* [Collected data]:
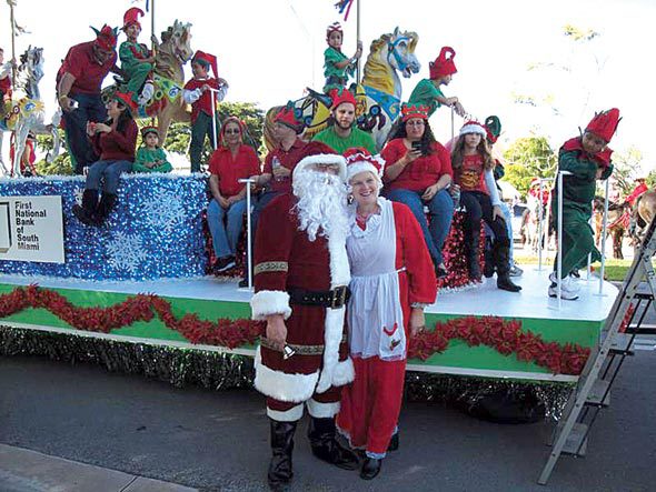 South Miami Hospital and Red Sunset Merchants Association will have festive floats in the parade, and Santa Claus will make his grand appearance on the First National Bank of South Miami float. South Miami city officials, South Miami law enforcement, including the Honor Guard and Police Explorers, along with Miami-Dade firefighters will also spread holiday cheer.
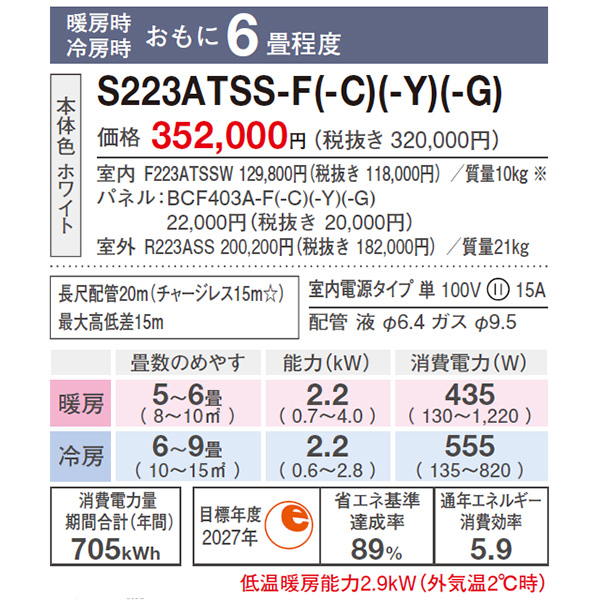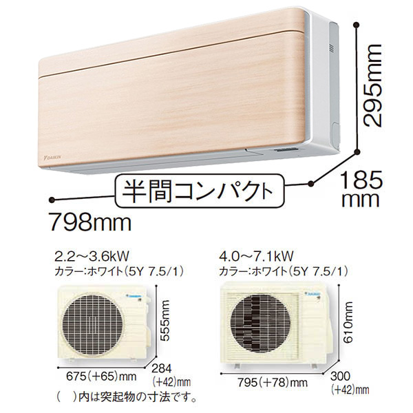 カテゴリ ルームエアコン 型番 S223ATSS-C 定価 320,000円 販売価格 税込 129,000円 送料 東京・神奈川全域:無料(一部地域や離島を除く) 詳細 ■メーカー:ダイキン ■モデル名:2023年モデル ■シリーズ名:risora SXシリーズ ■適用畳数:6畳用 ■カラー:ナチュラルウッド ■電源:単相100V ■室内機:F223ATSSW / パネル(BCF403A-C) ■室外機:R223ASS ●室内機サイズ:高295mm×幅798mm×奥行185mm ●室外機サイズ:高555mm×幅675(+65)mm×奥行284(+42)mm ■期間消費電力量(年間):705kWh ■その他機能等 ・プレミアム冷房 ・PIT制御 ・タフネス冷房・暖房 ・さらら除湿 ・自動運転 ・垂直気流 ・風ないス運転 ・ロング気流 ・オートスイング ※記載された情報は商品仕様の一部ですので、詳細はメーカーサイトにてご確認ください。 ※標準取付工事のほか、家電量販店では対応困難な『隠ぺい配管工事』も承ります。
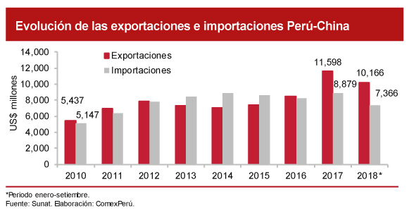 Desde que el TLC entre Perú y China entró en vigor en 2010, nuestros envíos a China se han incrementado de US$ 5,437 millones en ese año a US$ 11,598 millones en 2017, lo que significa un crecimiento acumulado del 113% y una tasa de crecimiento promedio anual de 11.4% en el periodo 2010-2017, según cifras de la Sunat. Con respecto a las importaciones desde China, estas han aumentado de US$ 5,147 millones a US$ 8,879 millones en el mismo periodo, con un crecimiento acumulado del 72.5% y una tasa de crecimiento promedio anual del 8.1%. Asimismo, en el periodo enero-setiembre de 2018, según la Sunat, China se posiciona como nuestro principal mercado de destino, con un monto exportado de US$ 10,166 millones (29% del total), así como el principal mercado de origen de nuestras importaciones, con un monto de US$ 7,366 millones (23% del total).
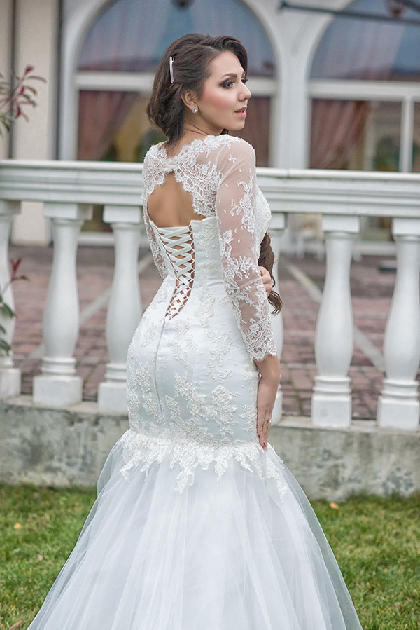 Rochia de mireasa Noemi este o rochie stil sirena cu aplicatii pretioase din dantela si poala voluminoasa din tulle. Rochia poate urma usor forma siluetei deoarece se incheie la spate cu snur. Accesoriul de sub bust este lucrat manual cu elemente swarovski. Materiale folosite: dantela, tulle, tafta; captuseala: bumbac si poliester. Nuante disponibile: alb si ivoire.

* [Task brief]:
Repeat the listing word for word, omitting the pictures.

* [Solution]:
 South Miami Hospital and Red Sunset Merchants Association will have festive floats in the parade, and Santa Claus will make his grand appearance on the First National Bank of South Miami float. South Miami city officials, South Miami law enforcement, including the Honor Guard and Police Explorers, along with Miami-Dade firefighters will also spread holiday cheer.
 カテゴリ ルームエアコン 型番 S223ATSS-C 定価 320,000円 販売価格 税込 129,000円 送料 東京・神奈川全域:無料(一部地域や離島を除く) 詳細 ■メーカー:ダイキン ■モデル名:2023年モデル ■シリーズ名:risora SXシリーズ ■適用畳数:6畳用 ■カラー:ナチュラルウッド ■電源:単相100V ■室内機:F223ATSSW / パネル(BCF403A-C) ■室外機:R223ASS ●室内機サイズ:高295mm×幅798mm×奥行185mm ●室外機サイズ:高555mm×幅675(+65)mm×奥行284(+42)mm ■期間消費電力量(年間):705kWh ■その他機能等 ・プレミアム冷房 ・PIT制御 ・タフネス冷房・暖房 ・さらら除湿 ・自動運転 ・垂直気流 ・風ないス運転 ・ロング気流 ・オートスイング ※記載された情報は商品仕様の一部ですので、詳細はメーカーサイトにてご確認ください。 ※標準取付工事のほか、家電量販店では対応困難な『隠ぺい配管工事』も承ります。
 Desde que el TLC entre Perú y China entró en vigor en 2010, nuestros envíos a China se han incrementado de US$ 5,437 millones en ese año a US$ 11,598 millones en 2017, lo que significa un crecimiento acumulado del 113% y una tasa de crecimiento promedio anual de 11.4% en el periodo 2010-2017, según cifras de la Sunat. Con respecto a las importaciones desde China, estas han aumentado de US$ 5,147 millones a US$ 8,879 millones en el mismo periodo, con un crecimiento acumulado del 72.5% y una tasa de crecimiento promedio anual del 8.1%. Asimismo, en el periodo enero-setiembre de 2018, según la Sunat, China se posiciona como nuestro principal mercado de destino, con un monto exportado de US$ 10,166 millones (29% del total), así como el principal mercado de origen de nuestras importaciones, con un monto de US$ 7,366 millones (23% del total).
 Rochia de mireasa Noemi este o rochie stil sirena cu aplicatii pretioase din dantela si poala voluminoasa din tulle. Rochia poate urma usor forma siluetei deoarece se incheie la spate cu snur. Accesoriul de sub bust este lucrat manual cu elemente swarovski. Materiale folosite: dantela, tulle, tafta; captuseala: bumbac si poliester. Nuante disponibile: alb si ivoire.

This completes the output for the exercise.